## SOURCE MATERIAL
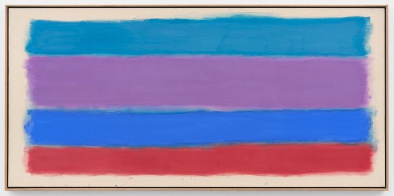 Lipsky’s paintings are rarely static, yet they leave a strong impression in the mind’s eye, like an after-image. Although surfaces vibrate with energy, they also evidence a clear undercurrent of deliberation and control. Color is not merely pigment but a force that gathers momentum across the canvas, rhyming in similar but varied arcs. One can imagine the horizontal movement of her arms, perhaps in unison, with which each band of color was applied using a saturated silk sponge; but in truth that moment remains hermetic, a code unknown. What’s foregrounded is the act of negotiation between the artist’s discernment and the materiality of paint itself, as if Lipsky were in conversation with each color, coaxing it to reveal more of itself through subtle and confident tonal shifts and in relation to its neighbors. Delineations between gesture and form are blurred, and instead each painting forms into a single pulse.
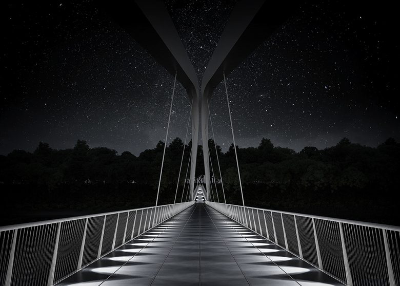 Simple and free of superfluous details, this soft line follows the forces over the bridge and thus highlights the beauty of the structure: Harmony and balance. Two terms that characterize this bridge. The bridge crossing is a special experience. The landings of the bridge correspond to site-specific conditions and allow therefore a variety of views on the Rhine and its surrounding.
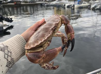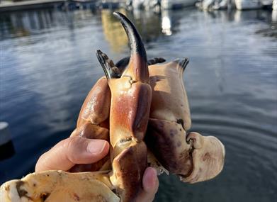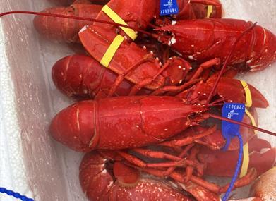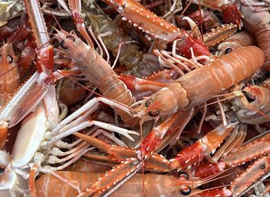 Kaisalg i Risør av ferske skalldyr, direkte fra fiskebåt.

## REQUIRED ACTION
Return all the lines above exactly; none of the pictures should appear.

## RESPONSE TO THE EXERCISE
 Lipsky’s paintings are rarely static, yet they leave a strong impression in the mind’s eye, like an after-image. Although surfaces vibrate with energy, they also evidence a clear undercurrent of deliberation and control. Color is not merely pigment but a force that gathers momentum across the canvas, rhyming in similar but varied arcs. One can imagine the horizontal movement of her arms, perhaps in unison, with which each band of color was applied using a saturated silk sponge; but in truth that moment remains hermetic, a code unknown. What’s foregrounded is the act of negotiation between the artist’s discernment and the materiality of paint itself, as if Lipsky were in conversation with each color, coaxing it to reveal more of itself through subtle and confident tonal shifts and in relation to its neighbors. Delineations between gesture and form are blurred, and instead each painting forms into a single pulse.
 Simple and free of superfluous details, this soft line follows the forces over the bridge and thus highlights the beauty of the structure: Harmony and balance. Two terms that characterize this bridge. The bridge crossing is a special experience. The landings of the bridge correspond to site-specific conditions and allow therefore a variety of views on the Rhine and its surrounding.
 Kaisalg i Risør av ferske skalldyr, direkte fra fiskebåt.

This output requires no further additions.